→ **INSTRUCTIONS TO FOLLOW**:
Two lines mark the range in the entries below: the one holding "Lonsdale 6 Paia" and the one holding "让 Clawdbot 刷半小时 B 站,然后帮我总结的。第二条,还真没注意过 。。。". Set down those two and all lines between them, exactly.

→ **RECORDS TO USE**:

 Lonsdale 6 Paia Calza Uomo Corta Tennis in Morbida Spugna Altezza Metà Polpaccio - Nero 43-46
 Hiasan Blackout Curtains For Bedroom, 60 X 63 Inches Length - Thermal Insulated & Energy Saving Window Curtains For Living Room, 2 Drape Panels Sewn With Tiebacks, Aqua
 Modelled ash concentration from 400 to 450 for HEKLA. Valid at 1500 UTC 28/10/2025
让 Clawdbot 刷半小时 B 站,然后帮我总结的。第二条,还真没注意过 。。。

* * *

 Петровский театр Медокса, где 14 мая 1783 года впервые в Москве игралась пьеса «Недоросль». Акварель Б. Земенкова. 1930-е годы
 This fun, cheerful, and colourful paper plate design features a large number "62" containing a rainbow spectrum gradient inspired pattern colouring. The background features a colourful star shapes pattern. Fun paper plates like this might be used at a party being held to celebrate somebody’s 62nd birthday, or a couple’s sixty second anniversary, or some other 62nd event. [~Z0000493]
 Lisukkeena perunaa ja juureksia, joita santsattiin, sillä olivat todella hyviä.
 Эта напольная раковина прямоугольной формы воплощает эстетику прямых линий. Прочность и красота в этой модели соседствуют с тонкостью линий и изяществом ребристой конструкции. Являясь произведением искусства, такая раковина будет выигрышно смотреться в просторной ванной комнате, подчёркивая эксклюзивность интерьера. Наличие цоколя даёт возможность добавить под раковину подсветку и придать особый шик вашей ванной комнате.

* * *

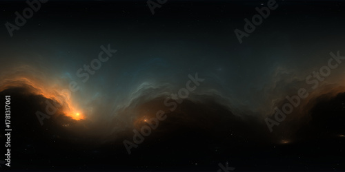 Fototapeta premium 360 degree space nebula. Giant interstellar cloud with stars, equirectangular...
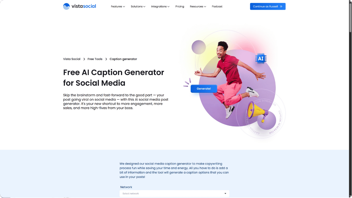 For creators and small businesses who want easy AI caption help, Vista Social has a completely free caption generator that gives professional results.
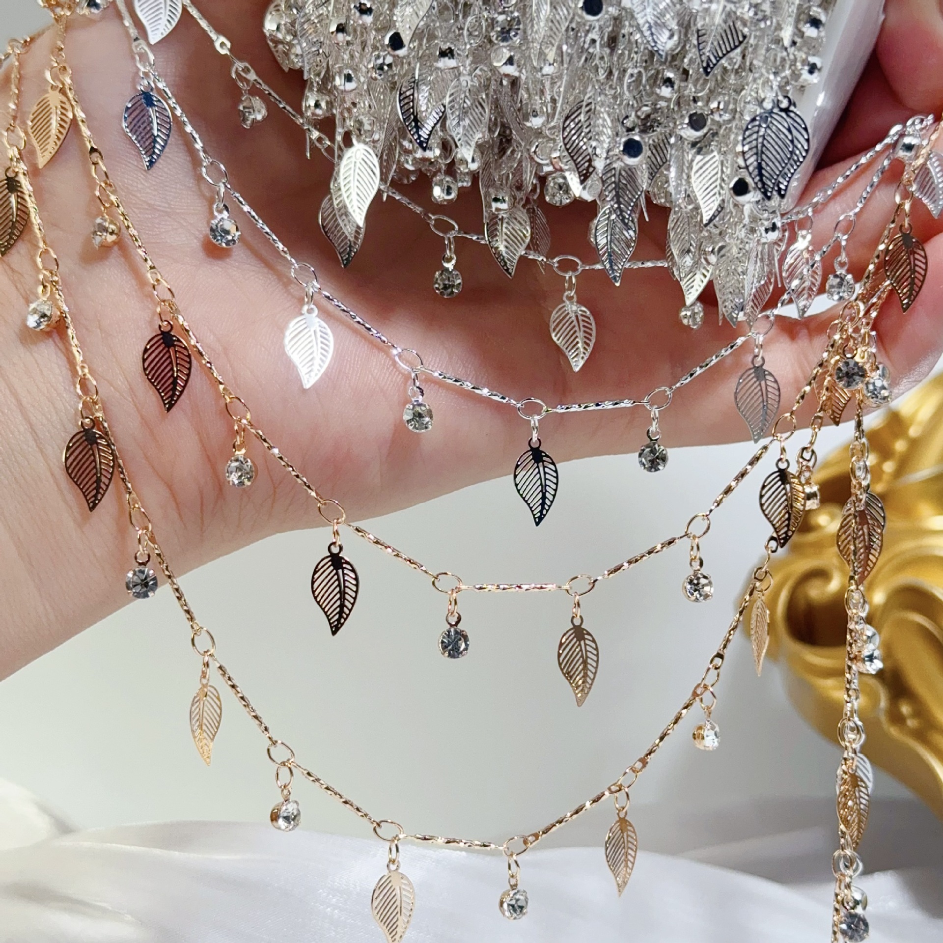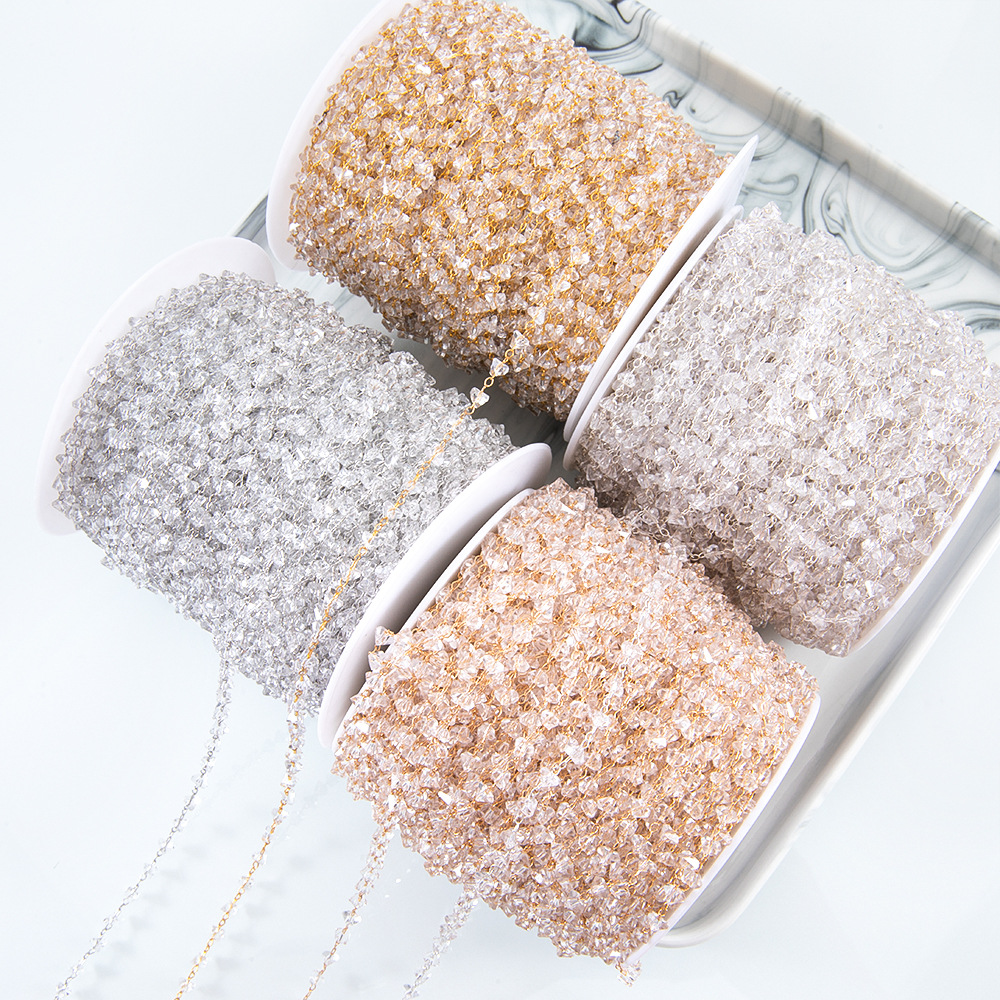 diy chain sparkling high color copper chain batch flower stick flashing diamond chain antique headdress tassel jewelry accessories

→ **SOLUTION**:
 Lonsdale 6 Paia Calza Uomo Corta Tennis in Morbida Spugna Altezza Metà Polpaccio - Nero 43-46
 Hiasan Blackout Curtains For Bedroom, 60 X 63 Inches Length - Thermal Insulated & Energy Saving Window Curtains For Living Room, 2 Drape Panels Sewn With Tiebacks, Aqua
 Modelled ash concentration from 400 to 450 for HEKLA. Valid at 1500 UTC 28/10/2025
让 Clawdbot 刷半小时 B 站,然后帮我总结的。第二条,还真没注意过 。。。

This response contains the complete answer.